I'm trying to understand what is the Hessian matrix of $f\colon\mathbb{R}^{n}\to\mathbb{R}$ defined by $f\left(x\right)=\left\langle Ax,x\right\rangle \cdot\left\langle Bx,x\right\rangle $ where $A,B$ are symetric $n\times n$ matrices. What I know is that if we let $g\left(x\right)=\left\langle Ax,x\right\rangle $ and $h\left(x\right)=\left\langle Bx,x\right\rangle $ then $\nabla g\left(x\right)=2Ax,\nabla h\left(x\right)=2Bx$ and $\nabla^{2}g\left(x\right)=2A,\nabla^{2}h\left(x\right)=2B$. Also by the product rule we have $\left(fg\right)'=f'g+fg'$ which then gives us \begin{align*} \left(fg\right)'' & =f''g+f'g'+f'g'+fg''=\\ & =f''g+2f'g'+fg'' \end{align*} Regarding $\nabla f\left(x\right)$ as a column vector, I tried to implement this on the given $f\left(x\right)$ and what I got is $$ \nabla f\left(x\right)=\nabla\left(gh\right)\left(x\right)=2Ax\cdot\left\langle Bx,x\right\rangle +\left\langle Ax,x\right\rangle \cdot2Bx $$ which seems to have worked fine with a concrete example. But then I got to the Hessian: \begin{align*} \nabla^{2}f\left(x\right) & =\nabla^{2}\left(gh\right)\left(x\right)=2A\cdot\left\langle Bx,x\right\rangle +\underset{{\scriptscriptstyle \left(\ast\right)}}{\underbrace{2Ax\cdot2Bx}}+\underset{{\scriptscriptstyle \left(\ast\right)}}{\underbrace{2Ax\cdot2Bx}}+\left\langle Ax,x\right\rangle \cdot2B=\\ & =2A\cdot\left\langle Bx,x\right\rangle +\underset{{\scriptscriptstyle \left(\ast\right)}}{\underbrace{8Ax\cdot Bx}}+\left\langle Ax,x\right\rangle \cdot2B \end{align*} Now as $Ax,Bx$ in $\left(\ast\right)$ are both column vectors I thought I should try this instead $$ \nabla^{2}f\left(x\right)=2A\cdot\left\langle Bx,x\right\rangle +\underset{{\scriptscriptstyle \left(\ast\ast\right)}}{\underbrace{8Ax\cdot\left(Bx\right)^{T}}}+\left\langle Ax,x\right\rangle \cdot2B $$ But that didn't work with my example.
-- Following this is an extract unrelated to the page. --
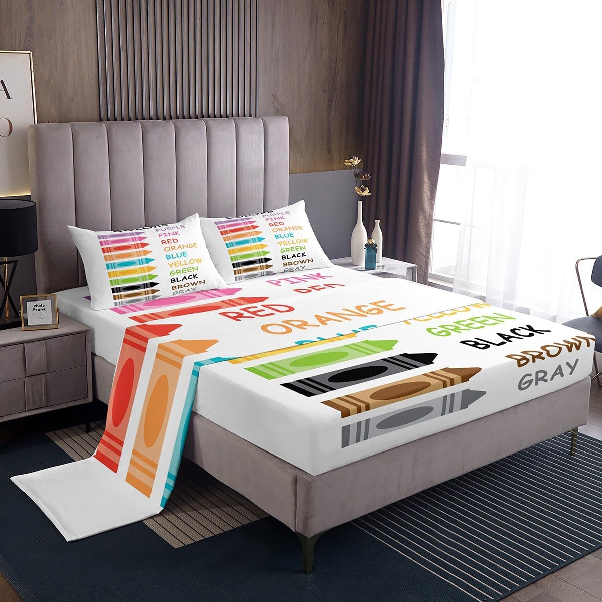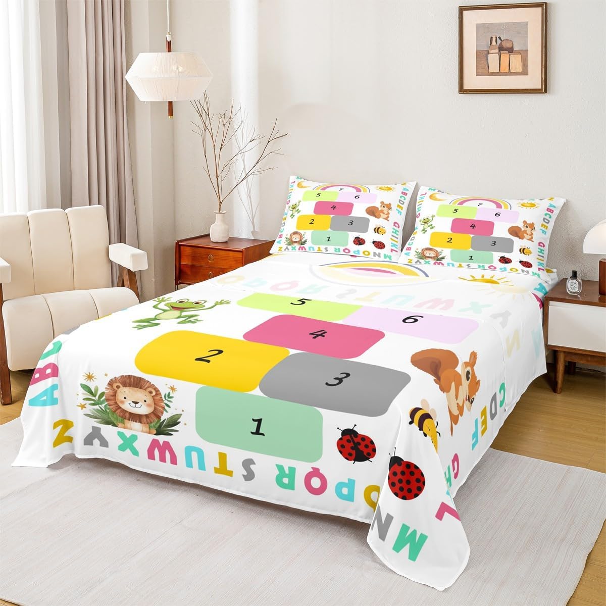 Our bedroom decor bed sheets set look with the vivid stylish and elegant print specifications: Twin Sheet Set: 1 twin fitted Sheet 39 inch x75 inch x16 inch, 1 twin flat sheet 66 inch x96 inch and 1 pillowcase 20 inch x30 inch Full sheet set: 1 full fitted sheet 54 inch x 75 inch x 16 inch, 1 full flat sheet 81 inch x 96 inch and 2 pillowcase 20 inch x 30 inch Queen sheet set: 1 queen fitted sheet 60 inch x 80 inch x 16 inch, 1 queen flat sheet 90 inch x 102 inch and 2 pillowcase 20 inch x 30 inch deep pocket fitted sheet with elastic all around materials: microfiber fabric, lightweight and soft design: With vibrant and novelty designs and 3d print technique, this duvet cover is very suitable as room decor for boys and girls care instructions dry clean preferred; machine washable, use cold water on gentle cycle, tumble dry low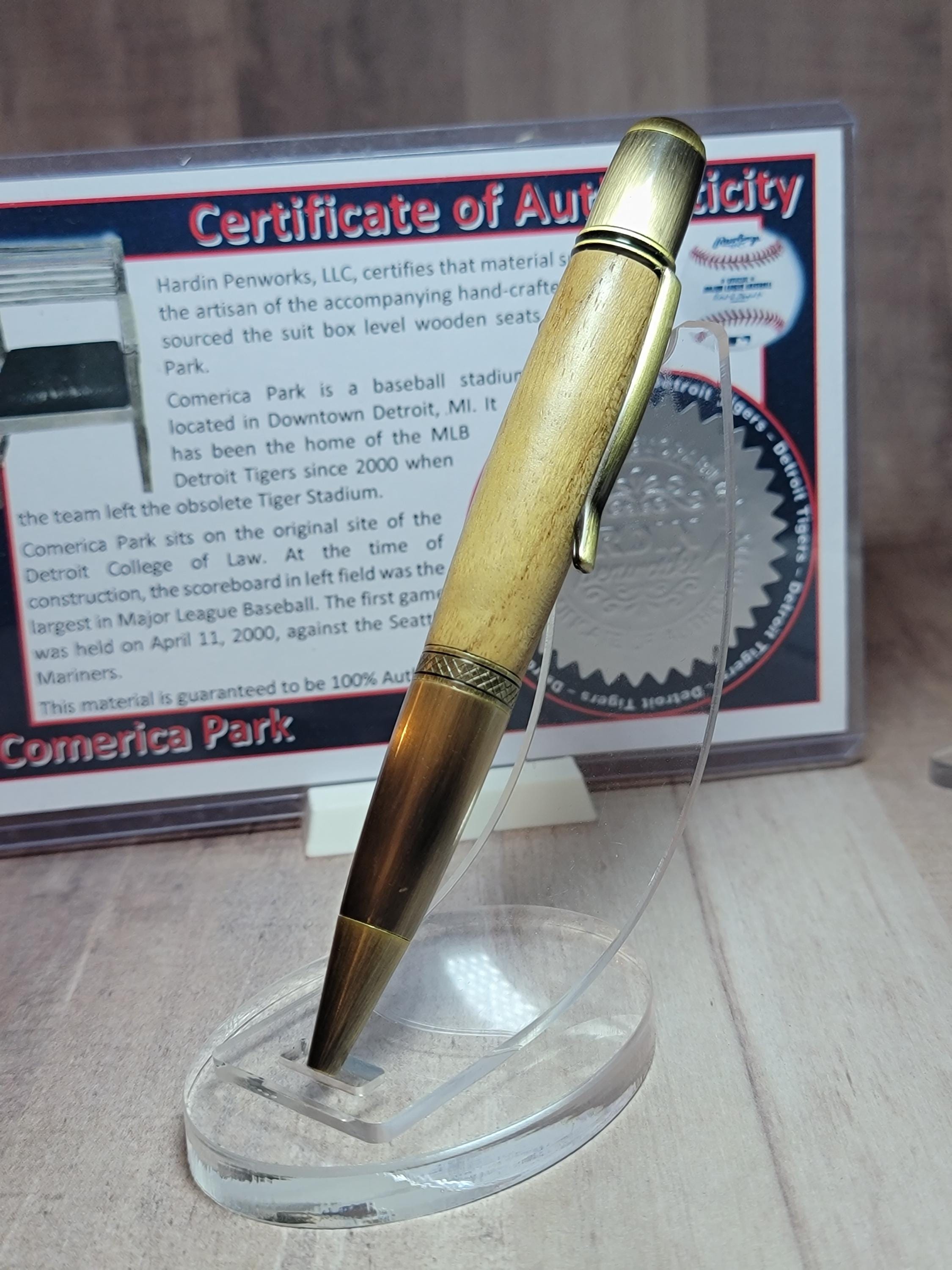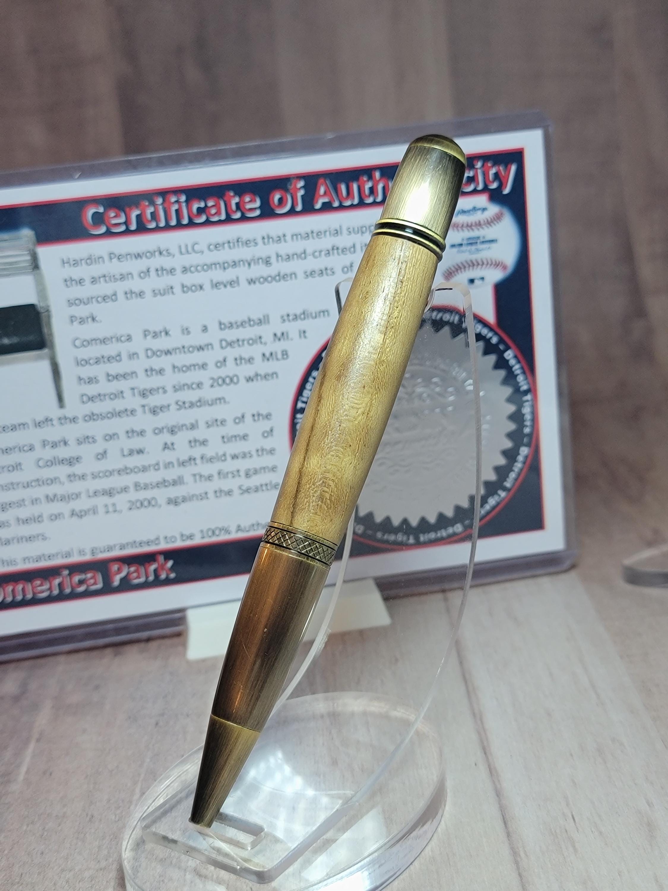 This hand turned pen is made from wood suite seating from Comerica Park in Detroit, the home of the Detroit Tigers. Along with the pen, you will receive a certificate of authenticity. This pen features a smooth twist mechanism and bronze hardware.

In general I feel the whole process of differentiating functions that are represented by matrices is quite a mystery to me when it comes to where I should transpose and so. Any help is appreciated. Thanks in advance.
We can write formulas for $f_i$ and $f_{ij}$ (individual first and second partial derivatives) of $f$: $$ f_i(x) = g_i(x)h(x) + g(x)h_i(x) $$ and $$ f_{ij}(x) = g_{ij}(x)h(x) + g_i(x)h_j(x) + g_j(x)h_i(x) + g(x)h_{ij}(x). $$
We can also write the quadratic form $x^{\textrm{T}} A x$ in a form that is easier to differentiate: $$ g(x) = \sum_i \sum_j A_{ij}x_i x_j $$ where $A_{ij}=A_{ji}$ is row $i$, column $j$ of $A$ and $x_i$ is the $i$th variable. So $$ \begin{align} g_k(x) &= \sum_i \sum_j A_{ij}(\delta_{ik}x_j + x_i\delta_{jk}) \\ &= \sum_j A_{kj} x_j + \sum_i A_{ik}x_i \\ &= \sum_i 2A_{ik}x_i \\ &= 2(A_{k*} \cdot x) \end{align} $$ where $\delta_{ij}$ is the Kronecker delta function and $A_{k*}$ is the $k$th row of $A$. The second partial derivative with respect to variables $k$ and $l$ is $$ g_{kl}(x) = \sum_i 2A_{ik}\delta_{il} = 2A_{kl}. $$
Using these formulas for the partial derivatives of $g$ (and $h$) gives the desired result: $$ f_{ij}(x) = 2A_{ij}h(x) + 4(A_{i*}\cdot x)(B_{j*}\cdot x) + 4(A_{j*}\cdot x)(B_{i*}\cdot x) + 2B_{ij}g(x). $$
I derived the identities $\nabla g = 2Ax$ and $\nabla^2 g = 2A$ in component form and then used this to compute the individual components of the Hessian of $f$. The point is that when working with matrices, it is often easier to break everything down into individual components. For example, in a matrix product $PQ$, you would work with $(PQ)_{ij}$ instead of the matrix product itself.